Julia Hart is only 19. She doesn’t even turn 20 till November


----------



## Chan Hung (Dec 28, 2011)

Geeee said:


> No


Oh okay.


----------



## M1M2M3M4M5M6M7M8 (Dec 15, 2004)




----------



## 3venflow (Feb 3, 2019)

__ https://twitter.com/i/web/status/1406075987733983238


----------



## Chan Hung (Dec 28, 2011)

M1M2M3M4M5M6M7M8 said:


>


Celebrating the worst geek of the group.


----------



## Chan Hung (Dec 28, 2011)

3venflow said:


> __ https://twitter.com/i/web/status/1406075987733983238


I'm sure Cornette will enjoy that finger pointing.


----------



## Chan Hung (Dec 28, 2011)

Nice position Penelope


----------



## RainmakerV2 (Nov 8, 2017)

3venflow said:


> Might have a point if he didn't have a great mouthpiece in WWE.
> 
> His push, like Aleister Black's, was stopped because Vince demoted Heyman from booking and turned RAW into the worst show in history.



Doesn't matter. He should be able to speak the language way better than this by now. Hes either stupid or not trying. I could have a 13 year old with a month of Rosetta Stone tapes doing better than that.


----------



## Chan Hung (Dec 28, 2011)

Why is a heel Miro trying to get fans to sympathize for a heel Penelope?


----------



## Trophies (Jul 27, 2016)

God’s Favorite Champion…I don’t think Vince liked you that much.


----------



## Randy Lahey (Apr 14, 2014)

“God’s favorite champion”….lol Miro


----------



## Chan Hung (Dec 28, 2011)

Britt!!


----------



## Chan Hung (Dec 28, 2011)

Tony lip reading again lmao


----------



## Chan Hung (Dec 28, 2011)

What Vickie in a match? LOL


----------



## Geeee (Aug 9, 2010)

Why wouldn't Vickie put an actual wrestler in a team with Nyla?


----------



## 3venflow (Feb 3, 2019)

MJF vs Sammy, oof!


----------



## M1M2M3M4M5M6M7M8 (Dec 15, 2004)




----------



## Randy Lahey (Apr 14, 2014)

“We ain’t playing old maid” 😂….Britt has the best lines and her facial expressions are always exaggerated and on point


----------



## Chan Hung (Dec 28, 2011)

Geeee said:


> Why wouldn't Vickie put an actual wrestler in a team with Nyla?


I recall Vickie was wanting to form the "Vixens" or something like that, she never got anyone to join Nyla Rose lmao


----------



## Chan Hung (Dec 28, 2011)

3venflow said:


> MJF vs Sammy, oof!


That should be in a Pay Per View.


----------



## Geeee (Aug 9, 2010)

Crowd is gonna be hot for Miro vs Pillman Jr


----------



## somerandomfan (Dec 13, 2013)

Trophies said:


> God’s Favorite Champion…I don’t think Vince liked you that much.

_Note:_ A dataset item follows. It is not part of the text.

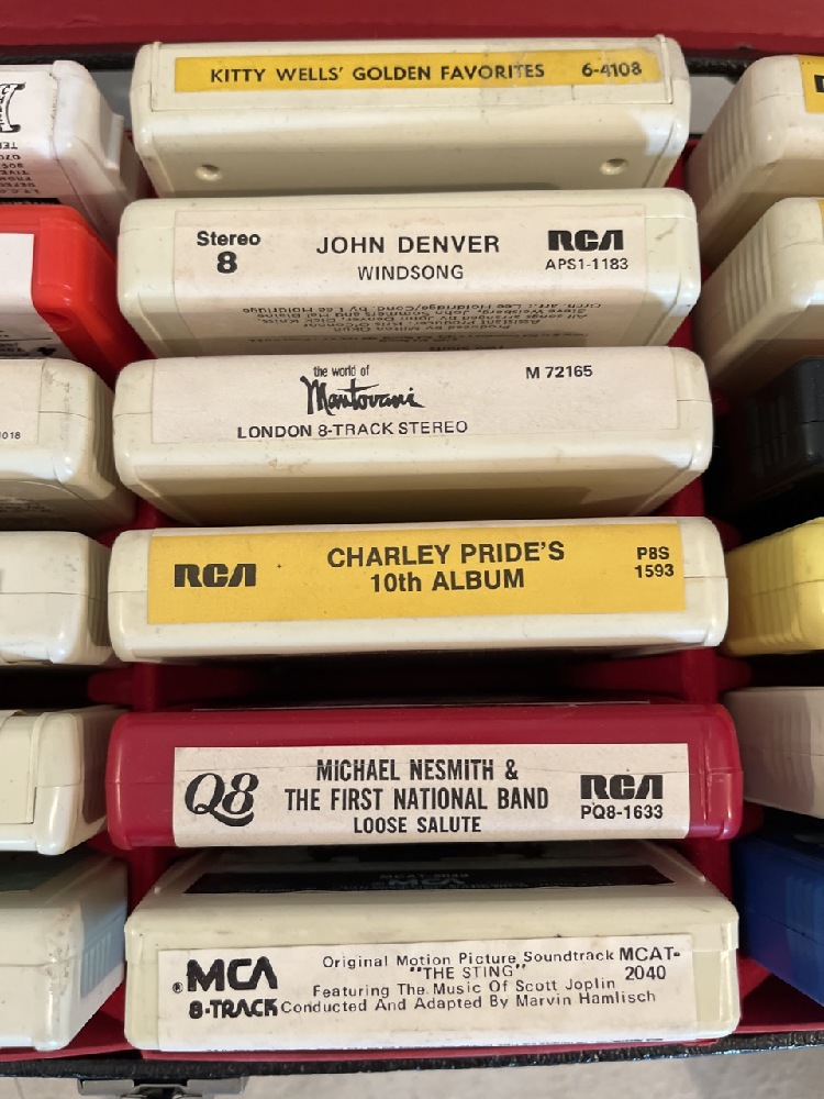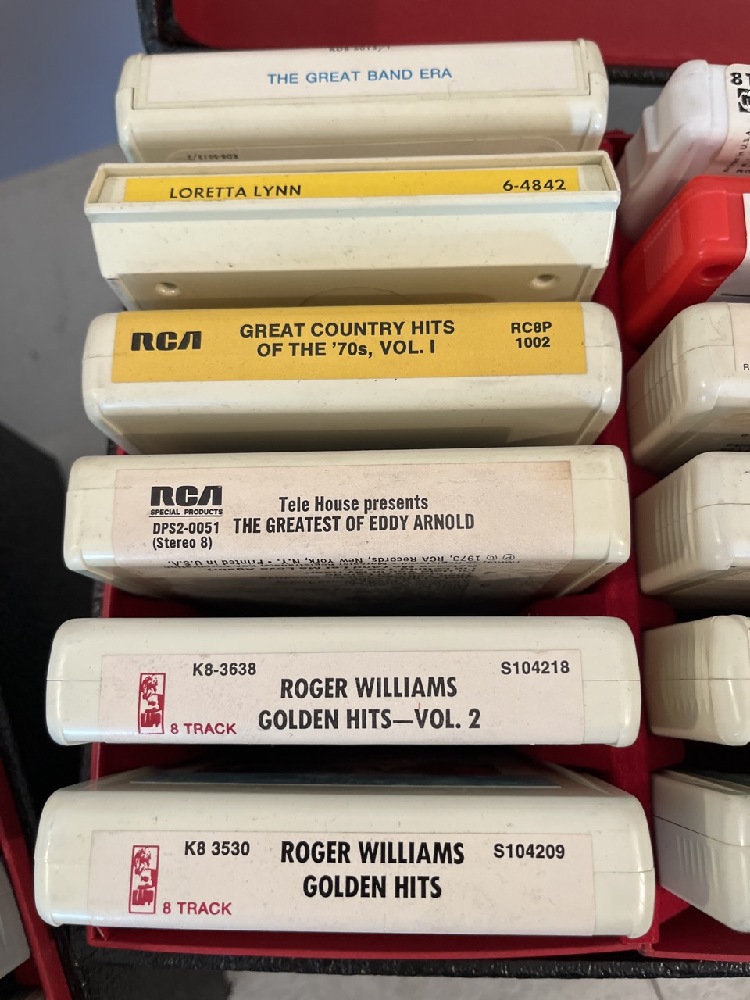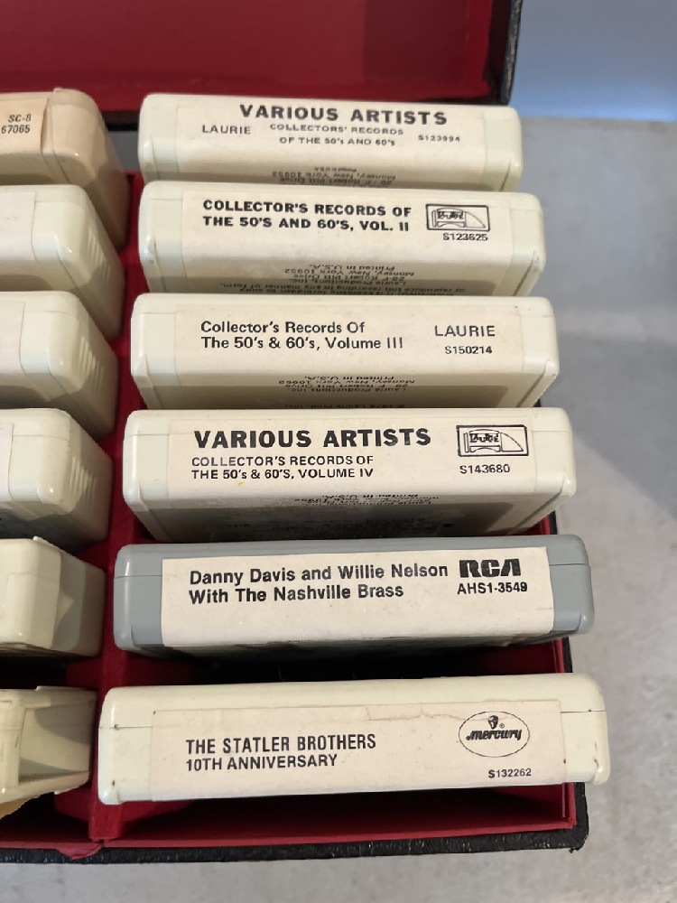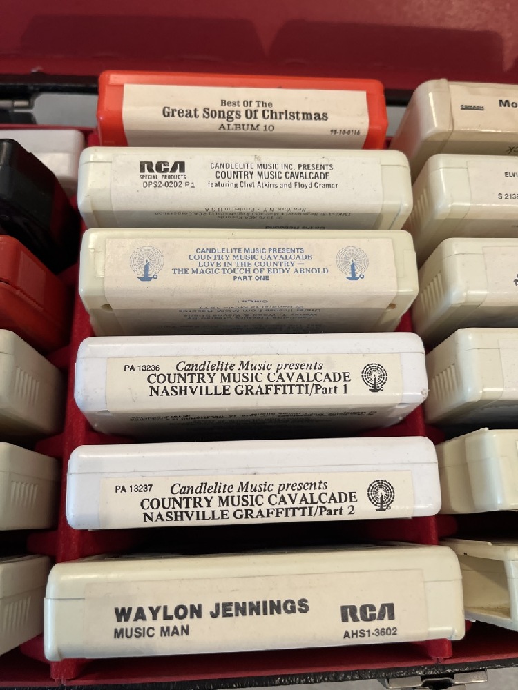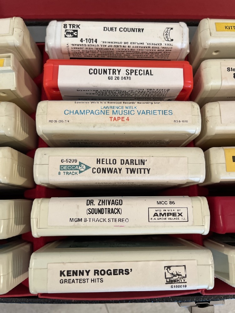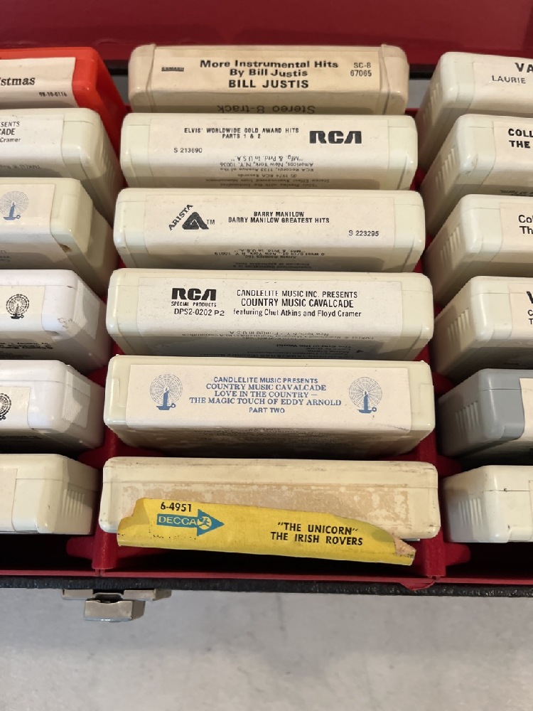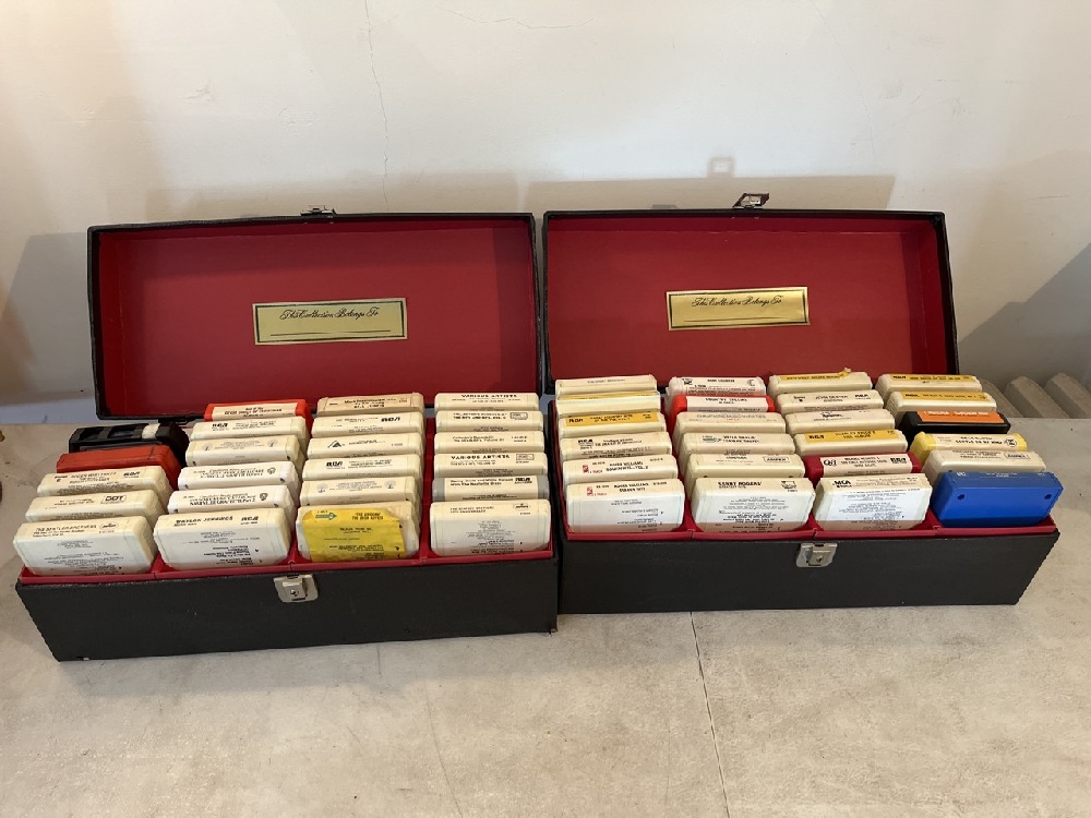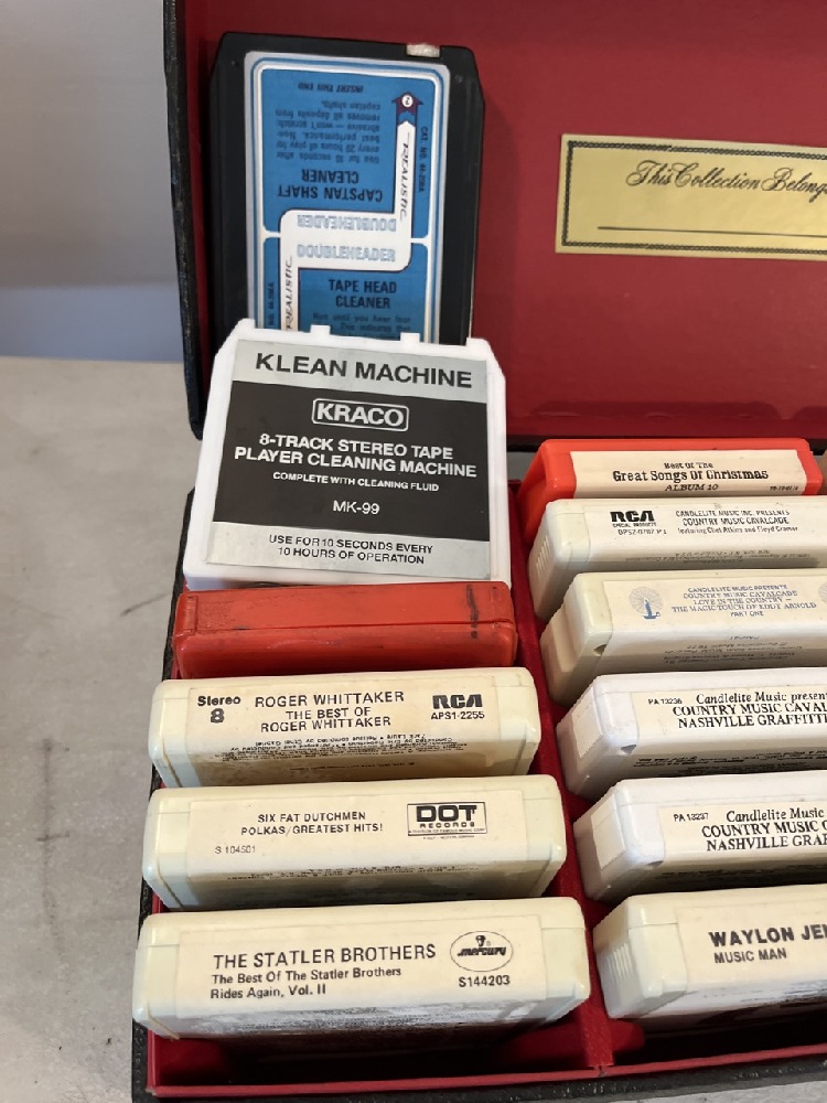 Collection of 8- Track Tapes in 2 Carry Cases- Dean Martin, Charley Pride, Kenny Roger’s, Barry Manilow, Elvis, Waylon Jennigs & More- 3- Head Cleaning Tapes

No no Vince and God are two different people, Vince already beat him in a match.


----------



## Chan Hung (Dec 28, 2011)

Revival vs Santana and Ortiz?


----------



## 3venflow (Feb 3, 2019)

FTR vs Ortiz/Santana definitely happening soon. Winner to face the Bucks at All Out? Or the NYC show if it's Ortiz/Santana.


----------



## M1M2M3M4M5M6M7M8 (Dec 15, 2004)




----------



## Randy Lahey (Apr 14, 2014)

Geeee said:


> Why wouldn't Vickie put an actual wrestler in a team with Nyla?


It’s not like Rebel can wrestle tho either. It’s basically a 1 on 1 with managers


----------



## somerandomfan (Dec 13, 2013)

Randy Lahey said:


> It’s not like Rebel can wrestle tho either. It’s basically a 1 on 1 with managers


I'd say she was a wrestler before but... yeah nevermind I've seen her matches you're pretty much right.


----------



## Geeee (Aug 9, 2010)

Randy Lahey said:


> It’s not like Rebel can wrestle tho either. It’s basically a 1 on 1 with managers


Yeah and Vickie's goal is to get Nyla a title match, she could pick literally any girl from Dark and pretty much guarantee a win over the champ


----------



## Chan Hung (Dec 28, 2011)

So they're still going with Rampage on Friday? Uhhh boy. Good luck with that.


----------



## Chan Hung (Dec 28, 2011)

What the fuck so Penta is a face now with Alex as a face? This company.


----------



## Chan Hung (Dec 28, 2011)

No fucking consistency with Penta nor Archer, both competing for Big Show face/heel runs i guess.


----------



## M1M2M3M4M5M6M7M8 (Dec 15, 2004)




----------



## 3venflow (Feb 3, 2019)

Thea/Zelina just tweeted this. Andrade promised a surprise earlier...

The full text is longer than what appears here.